For instance, for \(f(x, y) = \sin(xy)\), you first find the partial derivative with respect to \(x\), then take the derivative of that result with respect to \(y\), and vice versa.
For instance, for \(f(x, y) = \sin(xy)\), you first find the partial derivative with respect to \(x\), then take the derivative of that result with respect to \(y\), and vice versa.

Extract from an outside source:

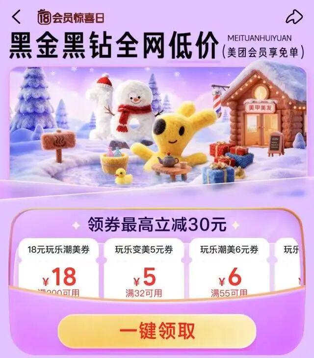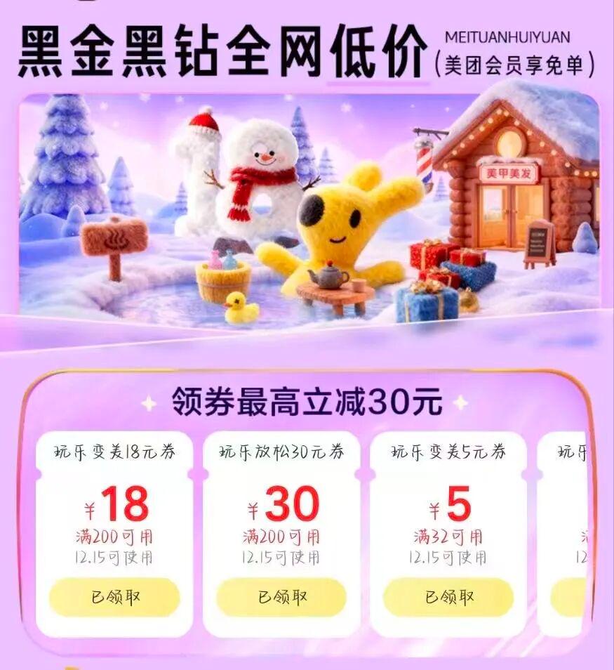 12月13日至12月18日,在美团App内搜索【会员专属价】黑金黑钻会员可领取所有品类大额神券,最高立减30元!

- Mixed partial derivatives, such as \(\frac{\partial^2 f}{\partial x \partial y}\) and \(\frac{\partial^2 f}{\partial y \partial x}\), often end up being equal due to the Clairaut's theorem on equality of mixed partials. This theorem holds valid when the derivatives are continuous.
Trigonometric Functions
Trigonometric functions such as sine, cosine, and tangent are fundamental in calculus, especially when combined with functions of more than one variable. Here, the function \(f(x, y) = \sin(xy)\) is a beautiful example of how trigonometric functions integrate with multivariable calculus.
- The derivative of \(\sin(u)\) is \(\cos(u)\), which plays directly into how partial derivatives are calculated with functions involving sine and cosine.
- Understanding trigonometric identities can deeply aid in simplifying complex trigonometric expressions after differentiation.
Derivative Rules
In calculus, derivative rules are guidelines that help us find derivatives systematically. For functions like \(f(x, y) = \sin(xy)\) involving products and compositions, knowing these rules is very beneficial.
- The Chain Rule comes in handy when dealing with composite functions, as in \(\sin(xy)\). It states that the derivative of a function \(\sin(u)\) is \(\cos(u) \cdot \frac{du}{dx}\).
- The Product Rule is valuable when differentiating products of functions, like \(x \cdot \cos(xy)\).